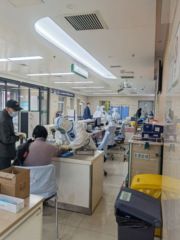 当面对患者激增、人员不足、感染风险增大等难题时,东院区急诊科同样开启了“吃住在科里,只有上班没有下班的24小时工作模式”。全员加班加点,党员发挥先锋模范作用,不断改造布局、优化工作流程、完善院感管理。为了降低院内感染风险,紧急改造抢救、急诊门诊隔离缓冲间,严格实行“一患一消”“一患一陪”制度,查验核酸结果,坚持救治与防控两手抓。
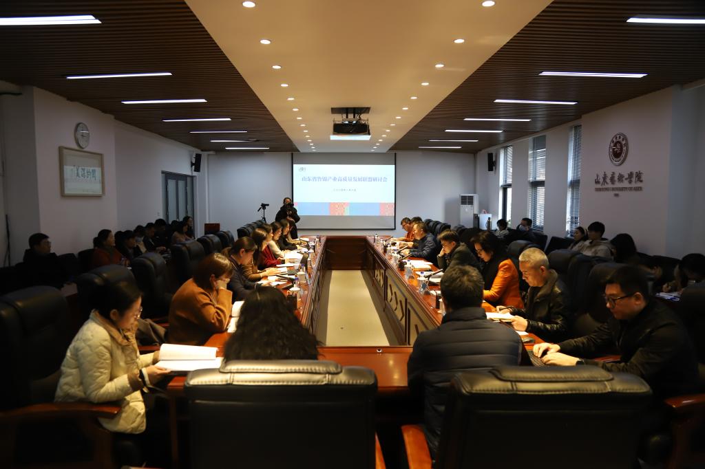 1月10日,山东省鲁锦产业高质量发展联盟成立大会在山艺长清校区召开。山东省工业和信息化厅总经济师、二级巡视员王楗夫,山东艺术学院院长徐青峰出席会议并致辞。省工信厅轻工纺织产业处处长管晓艳,山东省服装设计协会会长周锦,学校党委委员、副院长荆雷出席会议,科研处、城市艺术与创意学院负责人及山东省鲁锦产业高质量发展联盟各成员单位代表共计70余人参加会议。
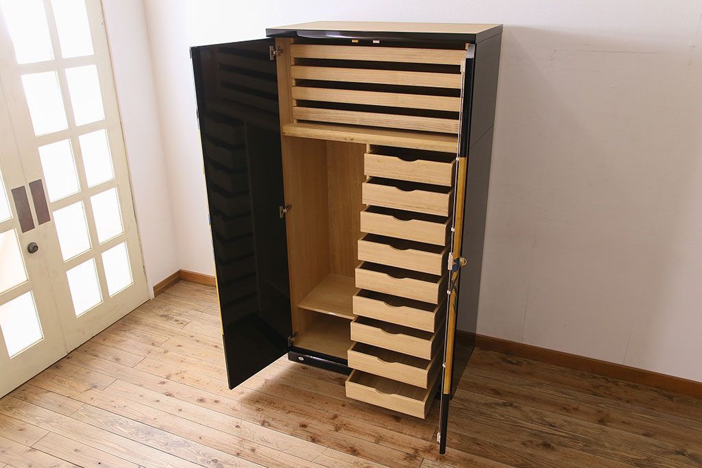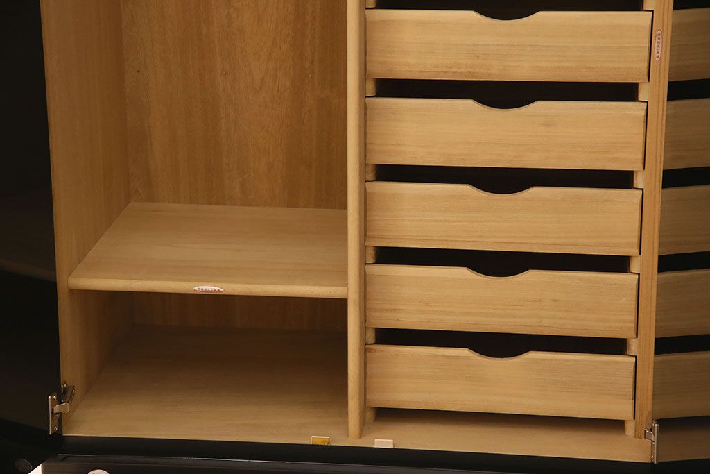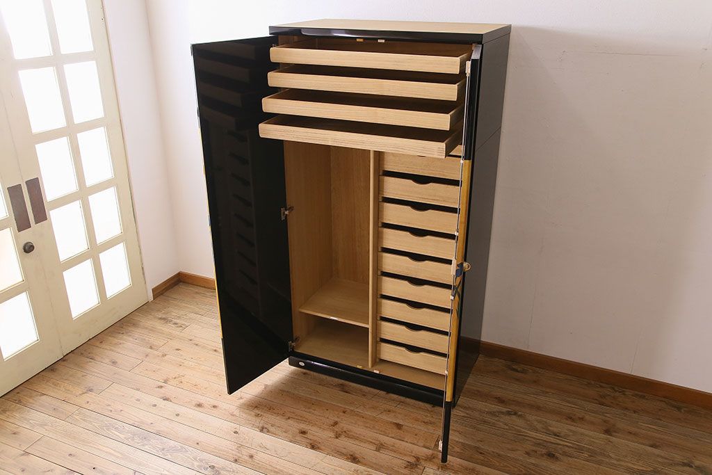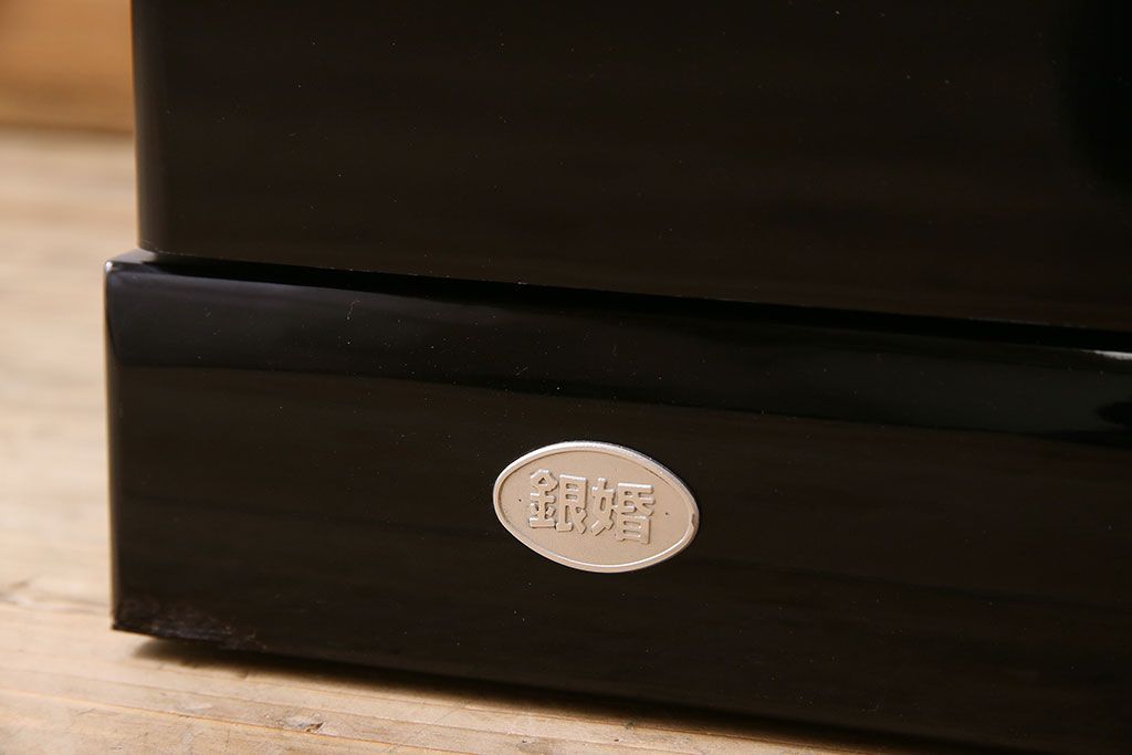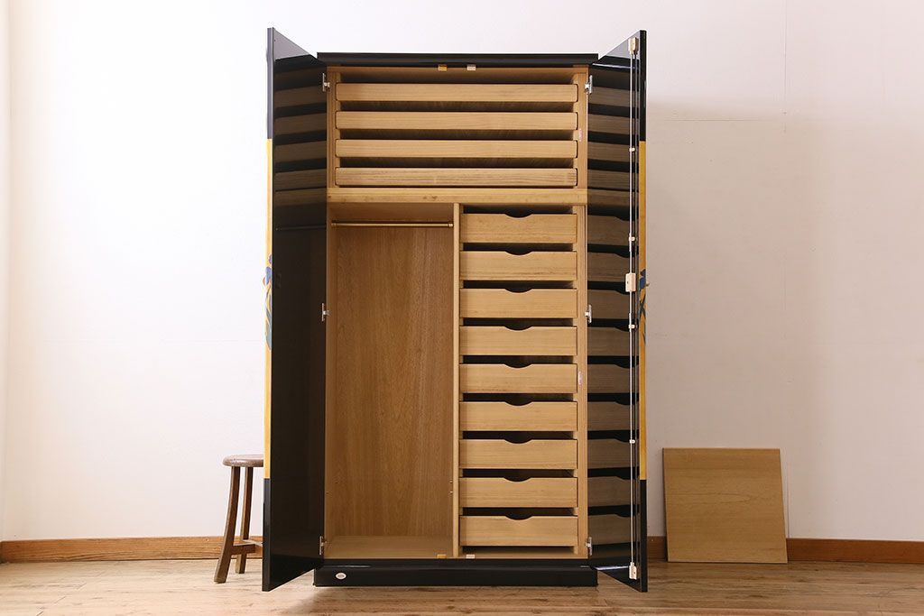 艶やかな黒の下地に鮮やかな花の絵が目を引く衣装箪笥です。
━━━━━━━━━━━━━━━━━━━━
Output the data above in full. Skip every picture.

Task solution
 当面对患者激增、人员不足、感染风险增大等难题时,东院区急诊科同样开启了“吃住在科里,只有上班没有下班的24小时工作模式”。全员加班加点,党员发挥先锋模范作用,不断改造布局、优化工作流程、完善院感管理。为了降低院内感染风险,紧急改造抢救、急诊门诊隔离缓冲间,严格实行“一患一消”“一患一陪”制度,查验核酸结果,坚持救治与防控两手抓。
 1月10日,山东省鲁锦产业高质量发展联盟成立大会在山艺长清校区召开。山东省工业和信息化厅总经济师、二级巡视员王楗夫,山东艺术学院院长徐青峰出席会议并致辞。省工信厅轻工纺织产业处处长管晓艳,山东省服装设计协会会长周锦,学校党委委员、副院长荆雷出席会议,科研处、城市艺术与创意学院负责人及山东省鲁锦产业高质量发展联盟各成员单位代表共计70余人参加会议。
 艶やかな黒の下地に鮮やかな花の絵が目を引く衣装箪笥です。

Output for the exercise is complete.